Ich bin mehr als froh, als wir am nächsten Nachmittag endlich aus dem Motel auschecken können, um zu unserem Haus zu fahren. Die ganze Nacht über konnte ich nicht einschlafen, weil es viel zu heiß und zu laut war. Das Motel liegt direkt an einer Hauptstraße und ich bin nicht daran gewöhnt, nachts rasende Autos zu hören.

Gestern Abend sind Dad und ich nach der Eishalle noch in ein Restaurant in der Nähe zum Essen gegangen. Dort habe ich mich erstmal für mein schlechtes Benehmen entschuldigt. Er ging allerdings nicht wirklich darauf ein. Keine Ahnung, ob er nachtragend ist, oder ob ihn die Sache nicht stört. Noch immer bin ich der Meinung, nichts falsch gemacht zu haben. Dieser eine Junge hat doch diesen ganzen Mist von sich gegeben. Und dann tauchte noch Nummer dreizehn nach dem Training auf und lenkte mich vom Eislaufen ab.

»Bekomme ich dann auch einen Hausschlüssel?« Bevor wir einsteigen, verstaut Dad unsere Koffer in den Kofferraum.
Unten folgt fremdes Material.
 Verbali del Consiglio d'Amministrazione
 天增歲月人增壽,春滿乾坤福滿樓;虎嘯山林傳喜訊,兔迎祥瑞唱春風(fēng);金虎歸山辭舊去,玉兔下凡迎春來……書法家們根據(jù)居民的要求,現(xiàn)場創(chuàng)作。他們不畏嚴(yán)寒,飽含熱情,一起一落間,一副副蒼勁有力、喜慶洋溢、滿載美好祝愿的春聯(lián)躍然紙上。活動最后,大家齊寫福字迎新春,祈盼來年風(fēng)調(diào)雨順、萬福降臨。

»Wenn wir da sind, ja. Die Ersatzschlüssel liegen im Haus.« Auch heute ist es verdammt warm. Wenn ich später endlich meinen Laptop wieder bei mir habe, kann ich mir Sommerklamotten bestellen. Ich hasse es, shoppen zu gehen, vor allem in der Hitze. Ich liege viel lieber mit meinem Laptop auf dem Bett und wähle mir so die Sachen aus.
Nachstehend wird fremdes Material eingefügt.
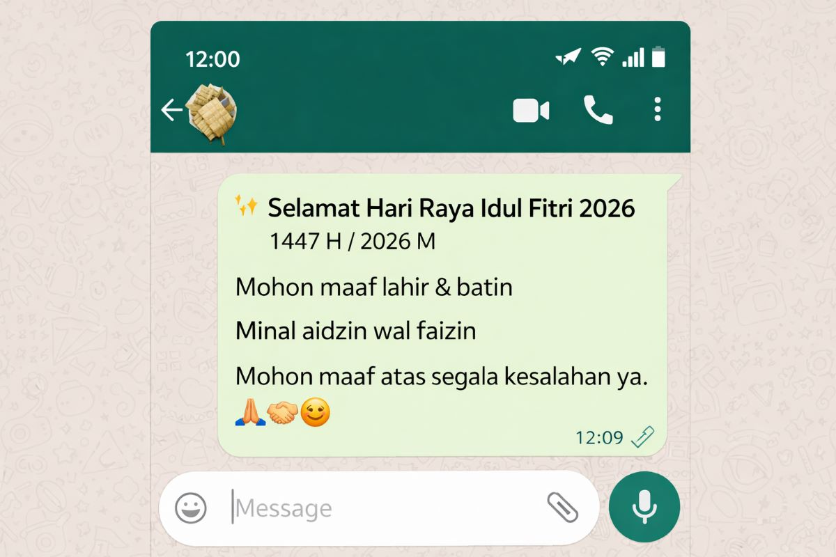 Agar tak bingung merangkai kata, berikut beberapa contoh ucapan Idulfitri 2026 yang bisa digunakan untuk broadcast WhatsApp, mulai dari gaya santai hingga formal. Tinggal copy paste (copas)!

»Ich bin später wieder beim Training mit den Jungs«, beginnt Dad, als er losfährt. Ich klappe direkt die Sonnenblende runter.

»Jeden Tag Training? Ich dachte, die Saison beginnt erst Mitte September.« Ich unterdrücke mir ein Augenrollen, denn ich kenne ihre Saison. »Es steht jeden Tag Training an, Blair. Und schon am Samstag haben die Jungs ein Freundschaftsspiel mit dem Team aus Fort Collins. Da werden Spenden gesammelt.«

»Bringst du mir mal einen Belegungsplan der Halle mit? Du wirst sowas doch sicherlich auffinden können.« Heute verzichte ich ausnahmsweise auf mein Hobby. Einfach aus dem Grund, dass ich gerade keinen Eishockeyspieler sehen kann. Das gestern hat mir gereicht.

»Das mache ich. Und am besten rechnest du nach deren Training immer eine halbe Stunde mehr ein, damit du die Jungs nicht mehr belästigen kannst.« Empört reiße ich den Kopf zu Dad, der versucht sein Grinsen zu unterdrücken. Er ist nicht sauer auf mich, er findet es amüsant.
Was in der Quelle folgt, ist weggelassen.